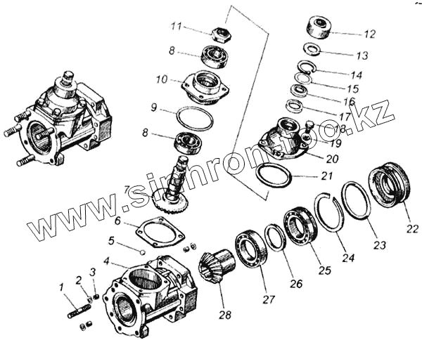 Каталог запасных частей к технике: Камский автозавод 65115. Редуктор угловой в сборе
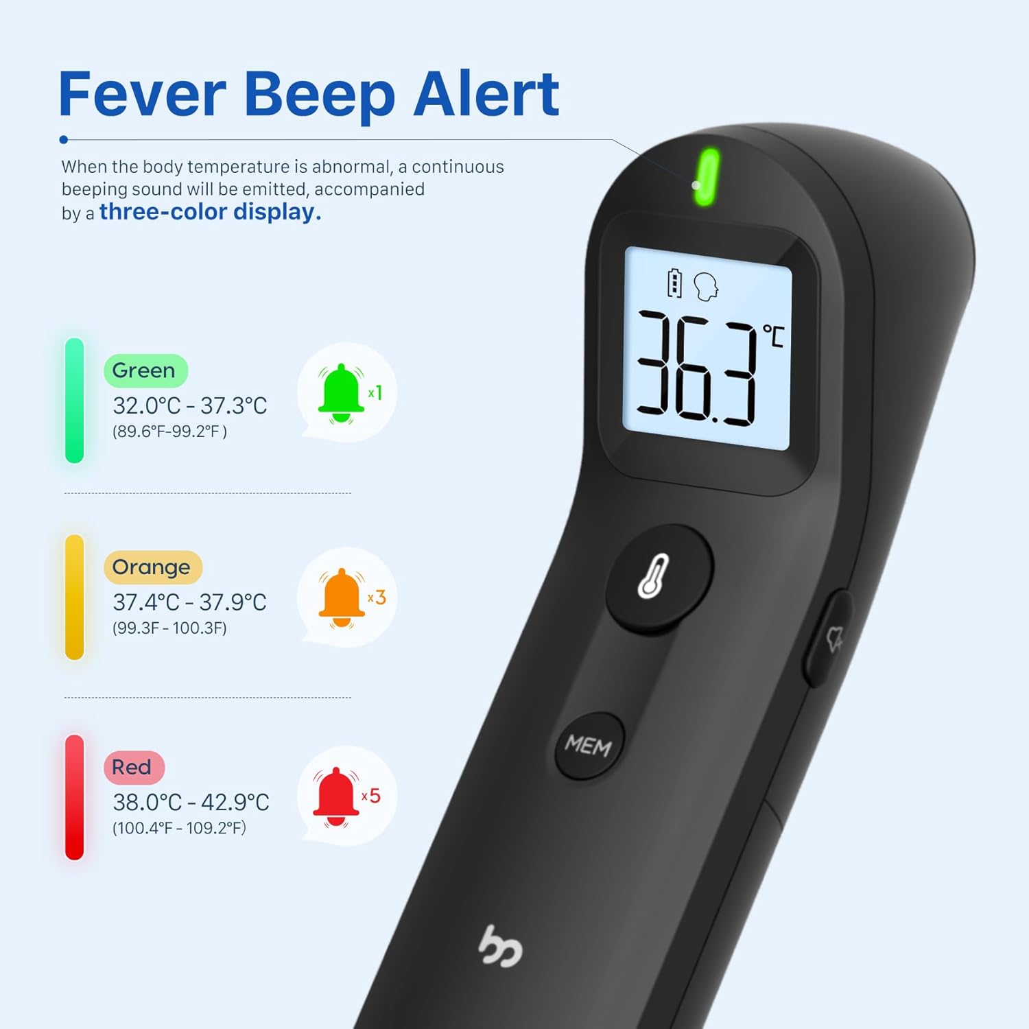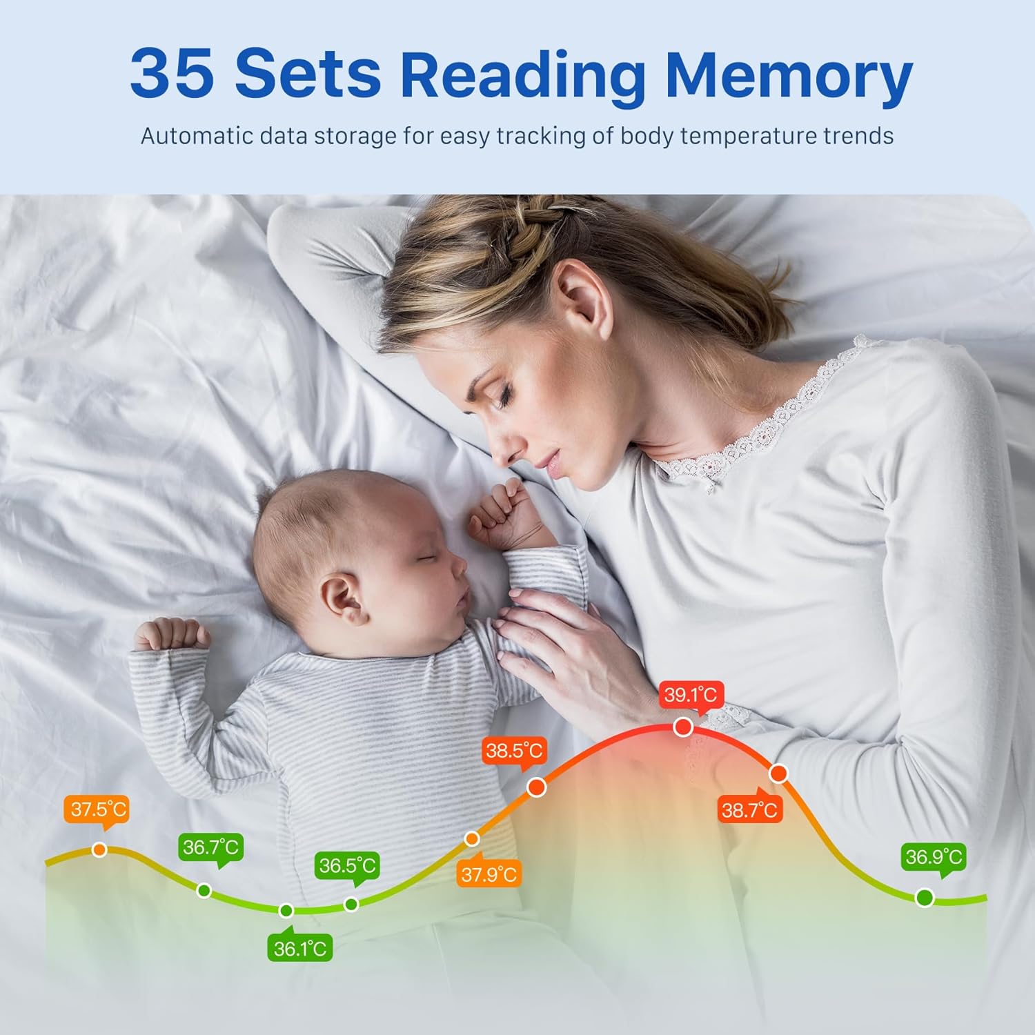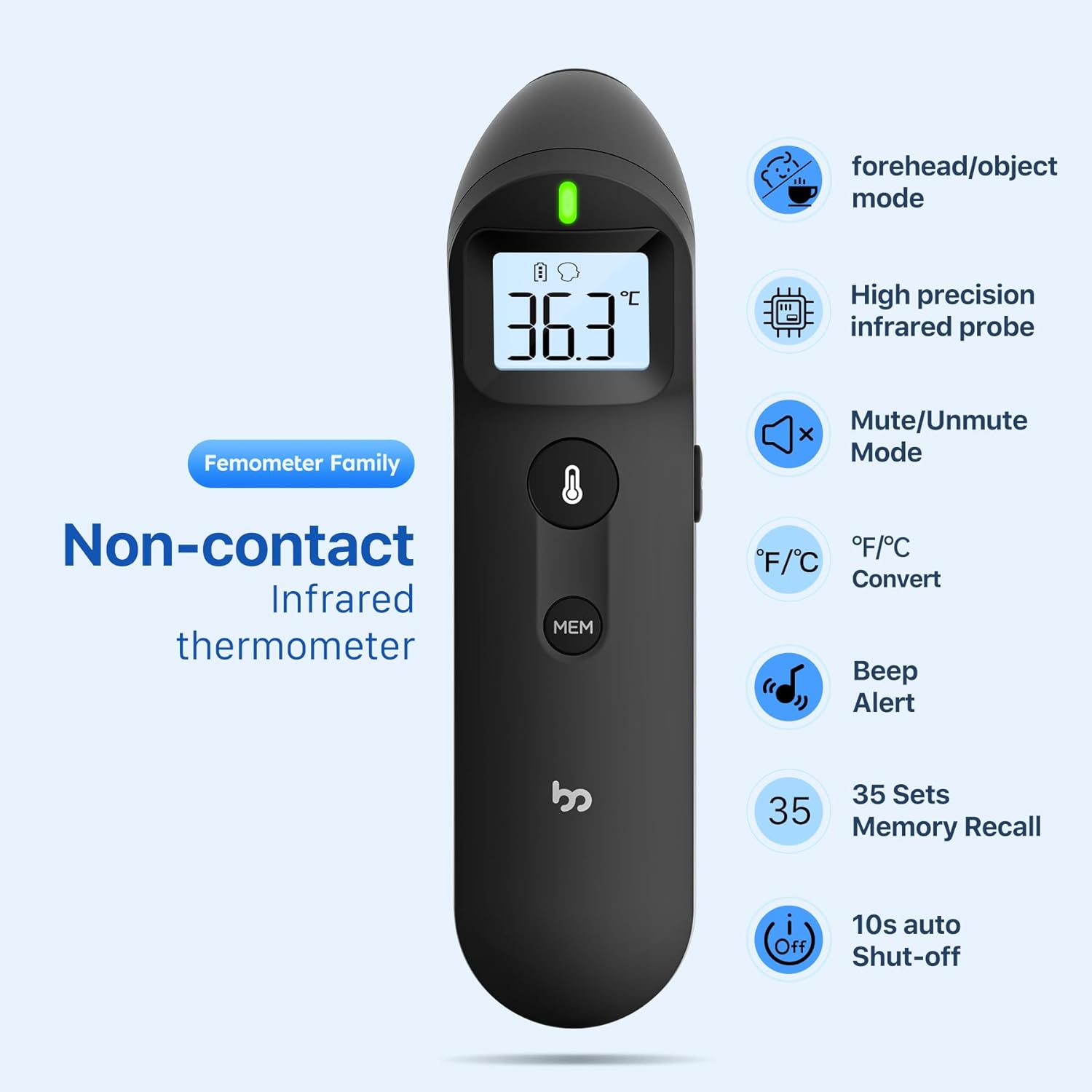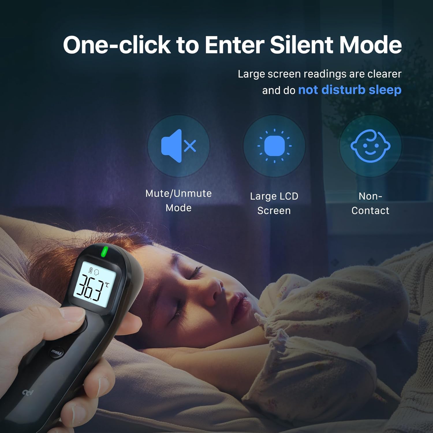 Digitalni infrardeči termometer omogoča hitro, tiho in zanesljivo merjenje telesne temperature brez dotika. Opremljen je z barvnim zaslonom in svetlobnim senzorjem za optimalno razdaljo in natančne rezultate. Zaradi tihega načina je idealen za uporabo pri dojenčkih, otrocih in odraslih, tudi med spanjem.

---

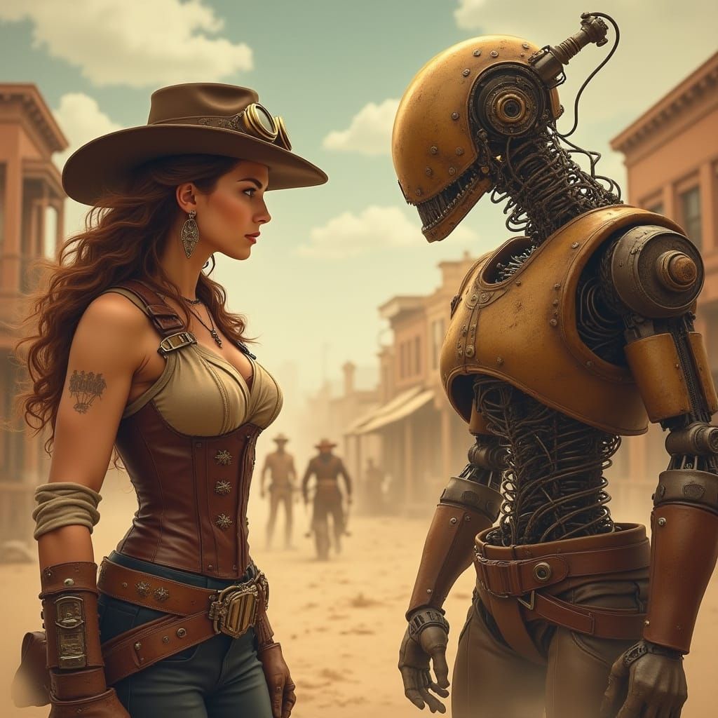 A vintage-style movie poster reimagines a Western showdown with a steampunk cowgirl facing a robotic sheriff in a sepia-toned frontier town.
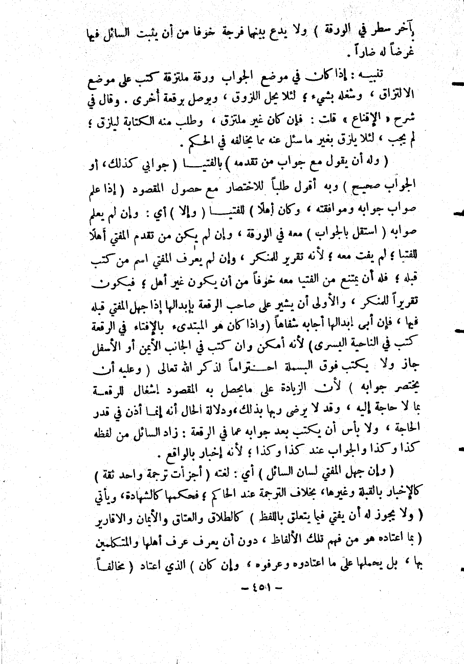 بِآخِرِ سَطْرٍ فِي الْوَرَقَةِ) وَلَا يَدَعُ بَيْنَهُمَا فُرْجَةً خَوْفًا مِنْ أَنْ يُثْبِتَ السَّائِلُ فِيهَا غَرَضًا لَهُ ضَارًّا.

Exercise brief –
All that is wanted is the lines above between the one containing "A vintage-style movie" and the one containing "بِآخِرِ سَطْرٍ فِي", inclusive, restated word for word, with pictures omitted.

Written answer –
 A vintage-style movie poster reimagines a Western showdown with a steampunk cowgirl facing a robotic sheriff in a sepia-toned frontier town.
 بِآخِرِ سَطْرٍ فِي الْوَرَقَةِ) وَلَا يَدَعُ بَيْنَهُمَا فُرْجَةً خَوْفًا مِنْ أَنْ يُثْبِتَ السَّائِلُ فِيهَا غَرَضًا لَهُ ضَارًّا.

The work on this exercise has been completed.